El consumidor maduro no es tan sólo un comprador. Compradores han existido antes. El cambio
actual se refiere a que el cliente resulta ser más culto que nunca. No culto para redactar escritos o
descifrar pergaminos, no para leer a James Joyce o a Claude Simón. Es más avispado e instruido
para vivir en la sociedad que le toca, la que le ha presenciado crecer y en la que crece en complicada
relación con sus prójimos más lejanos, puesto que ahora la conexión es la base de su supervivencia.

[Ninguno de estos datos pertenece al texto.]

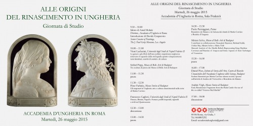 Május 26-án, kedden a magyarországi reneszánsz eredeteivel foglalkozó tanulmányi napra várják az érdeklődőket a Római Magyar Akadémián (via Giulia, 1).Részletek a mellékelt plakáton.
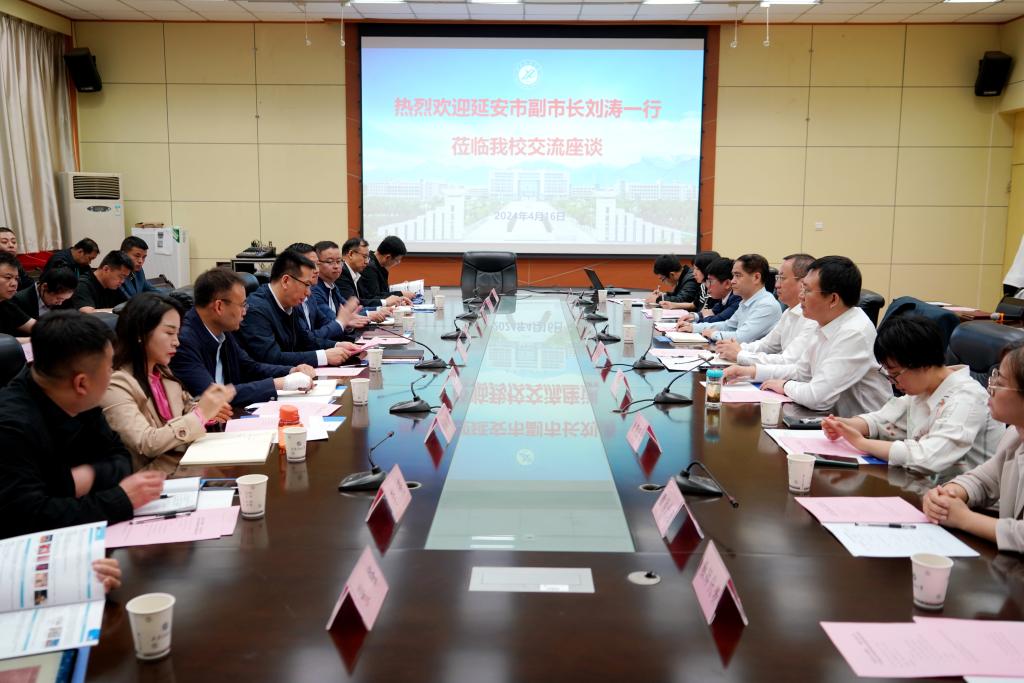 座談會上,張榮軍對劉濤一行到訪學校表示熱烈歡迎,對延安市長期以來對學校發(fā)展的支持與幫助表示感謝,并介紹了學校的發(fā)展歷程和近年來取得的成績。他指出,近年來我校與延安市在科學研究、人才培養(yǎng)、科技成果轉(zhuǎn)化等方面開展了形式多樣的交流合作,取得了豐碩的成果,也結(jié)下了深厚的合作友誼。他希望通過本次交流,進一步夯實雙方的合作基礎,發(fā)揮好各自優(yōu)勢和特色,進一步創(chuàng)新機制、拓寬領域、搭建平臺,深入推進校地校企融合、科教融合、產(chǎn)教融合。他強調(diào),在深化交流合作的新征程上,也非常期待雙方繼續(xù)保持密切交流,厚植情誼,共同探討產(chǎn)學研合作的新模式、新路徑,共同為延安市經(jīng)濟高質(zhì)量發(fā)展提供技術和人才支撐。
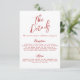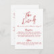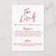 Kort för enkel handskriven Whimsical Red Bröllop-detaljkorg. Det här kortet i bröllop innehåller en enkel, minimalistisk design i ett rött tema med handskriven text för ett modernt och lättillgängligt utseende. Längst upp på framsidan visas "Detaljer" på en framträdande plats i ett stort handskrivet stil, där en roligt och en unik beröring läggs till. Det röda färg-systemet gör detta kort till ett utmärkt sätt att passa för nautiskt eller Nantucket-inspirerat bröllop, eller så kan det lätt blandas och matcha med andra inbjudningar med röda toner. Du kan byta färg till kostym på bröllop temat och preferenser, helt anpassade. Kortet ger utrymme för viktig information om bröllop, inklusive mottagningsdetaljer, attitydriktlinjer, logi, transport och ytterligare anteckningar eller en webbplats för bröllop. Perfekt för par tittar för att på ett rent och snyggt sätt kunna viktiga uppgifter med sina gäster. Det här kortet finns som en tryckt version eller en digital nedladdning för att få mer information.
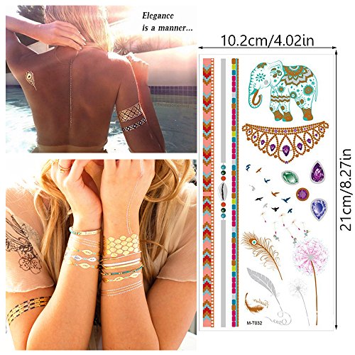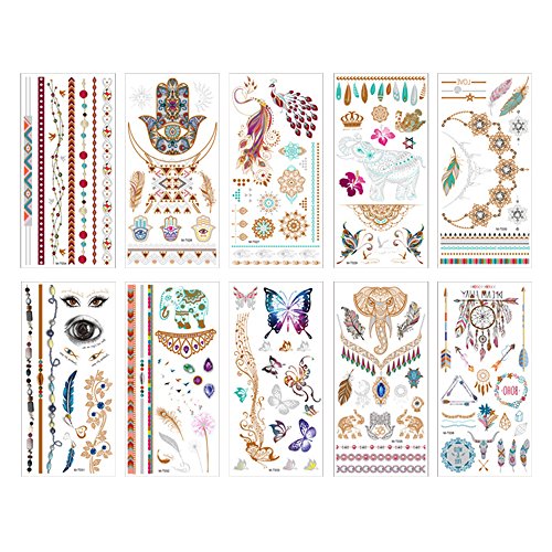 - Flash Temporary Tattoo:Metallic temporaty tattoos is high quality gold and sliver shimmer jewelry ,safe and will no stimulus to your smooth skin.Attractive patterns design with Mandala Boho ,flash temporary tattoo is incredibly easy to apply on your body.You will look absolutely stunning wearing these temporary tattoos.

El mundo se trenza mediante esta formación personista horizontal y apaisada. No habiendo
descabezado al jerarca sino fermentándolo, no destruyendo el palacio del poder sino sustituyendo sus
piedras. El firme individuo que nació bajo el capitalismo de producción circula hoy como un ser que
se multiplica en los juegos del capitalismo de ficción y entre los relentes de los contactos humanos.
Pero el personismo no es un humanismo. El humanismo, fundado sobre la idea de dominar la
naturaleza mediante el avance del conocimiento científico, se ha ido a pique. No hay meta final sino
incidentes, no hay una moda en el vestir, en la pintura o en la gastronomía; sólo ocurrencias. El
modelo del accidente impera sobre la armonía, la negligencia sustituye al proceso, el caos organiza
el espectáculo y la ciencia es parte del elenco. El consumismo es oportunismo, la prenda excelente
hallada por azar en las rebajas.
El personismo no es un humanismo pero nace, sin embargo, de una melancolía sobre la ilusión
humanista, de la misma manera que el ecologismo surge de la melancolía sobre la Naturaleza.
Ciertamente, las manifestaciones personistas contra la guerra de Irak no crearon un movimiento
político, pero dieron a luz a una masa que, en vez de hallarse quieta, se incorporaba. Aquella
mayoría fría y silenciosa de los años ochenta gira hacia la bulla emocionada del siglo XXI, y la
implosión que se atribuía a lo social se reconvierte en una explosión de gentes.
Hasta finales de los noventa, cuando imperaba el modelo de la televisión, los ciudadanos se
sentaban para ver los programas.
Ahora, sin embargo, los nuevos medios de comunicación, desde el móvil a internet, son
instrumentos activos e interactivos que incitan no sólo a ver sino a promover. El personismo es el
correlato de esta cultura que acciona, elige, reclama, se conecta. Hartos de ser tratados como objetos
y hastiados de acumular objetos, los consumidores aceptan la nueva creación del capitalismo de
ficción: el sobjeto. Un producto cultural que resulta posible gracias al paso de la sociedad de la
información, eminentemente técnica, a la sociedad de la conversación, sustancialmente afectiva y
femenina. ¿Una utopía de ficción? Mejor todavía: una golosina planetaria y personista dispuesta para
ser gozada y consumida. El optimismo empieza aquí: una vez agotados los discursos más tristes, las
ideologías profundas, la larga cultura de la lamentación y el prestigio del martirio.